Beyond everything mentioned above, the movie's biggest failing has to be how interminable it is. "Black Snake Moan" is probably the most painful experience I've had in a movie theater in the past year. Sure, I've seen worse films, but they at least had the courtesy to be shorter. "BSM" runs nearly two hours, but feels twice that length. The only backhanded compliment I can pay the film is that while it's never interesting, it's not really boring, either. In fact, boredom would've been preferred, as it may have allowed me to drift off to sleep for a bit. But nope, the movie was just engaging enough to keep me awake, which is another reason I resent it. I know, I know, "why didn't you leave?" Well, my most glaring bad habit is that I never walk out of movies unless it's an extreme circumstance. Like when I feel a sudden twinge of the "sickness."
It's been brought to my attention that Richard Roeper and his guest critic, "Jersey Girl" auteur Kevin Smith, raved about "BSM" on their television show. I understand Smith's position. It's definitely not every day he gets a nationally televised forum to talk about a movie bad enough to make his own look good by comparison, but I wonder where Roeper is coming from. I searched out a few online reviews, and much to my surprise, the film's early Tomatometer rating is high.
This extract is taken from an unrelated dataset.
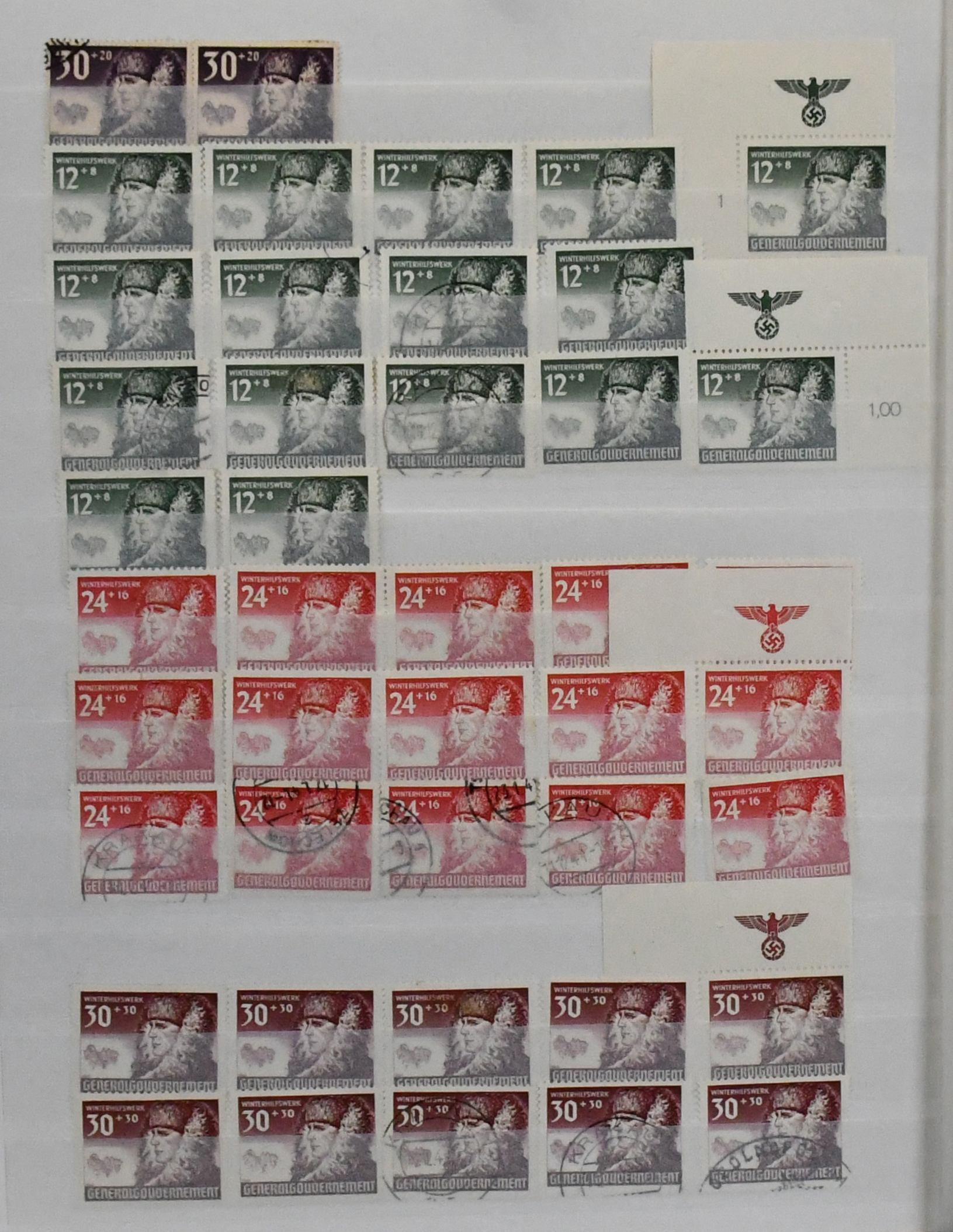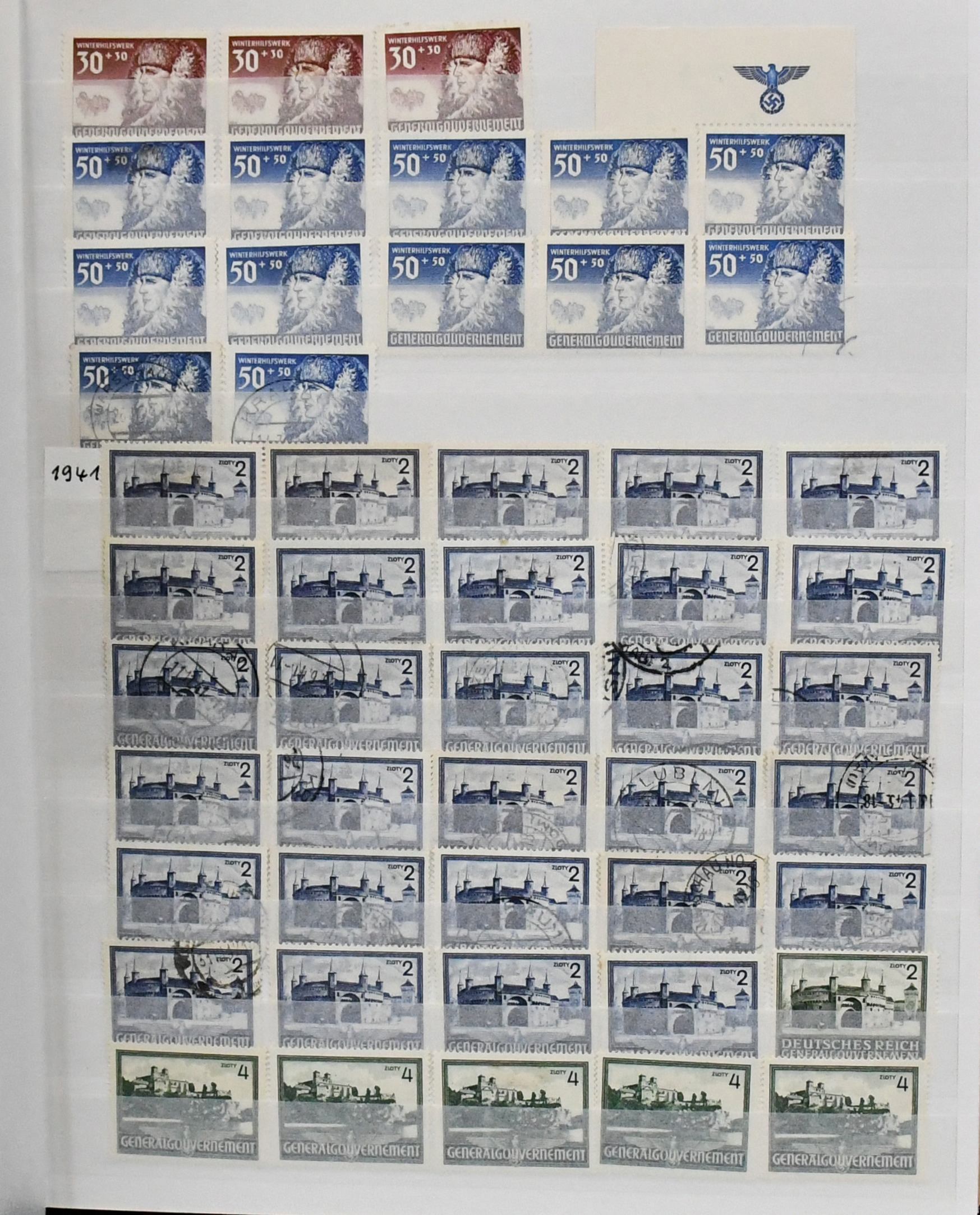 Generalgouvernement, umfangreiche, sortenreiche Zusammenstellung von etwa 4000 Werten in allen Erhaltungen, im dicken Schraubbinder. Das Gebiet mehrfach kpl. inkl. Nr. 14/39 mind. dreimal, Dienst Nr. 1/15 mind. siebenmal, viele ungezähnte Werte etc.

One critic called the film "entertaining." I feel the exact opposite, but it isn't an opinion you can really argue. Another critic claimed that "BSM" answers all the naysayers who bashed "Hustle and Flow's" misogyny. Let's see, this movie is about a weak-willed, hedonistic young woman headed down a road to self-destruction until an older man imprisons her in his home thus saving her from herself. Yup, leave it to Craig "Gloria Steinem" Brewer to keep pushing women's rights forward.
It's not my place to tell you how to spend your time and money, so go ahead, be like Ryan and see "BSM" if you'd like. While you're at it, stay for "Music and Lyrics" or "The Number 23" afterwards, then go home and have your own personal "Grey's Anatomy" marathon while you eat a hot dog and drink warm Bud Light. You'll be the anti-Warren. And given that I, on the other hand, will be sitting in front of my computer, watching the "Norbit" trailer for the 800th time, that may not be a bad thing.
"RUN FOR YOUR LIFE!"
It never gets old, I tell 'ya. It never gets old.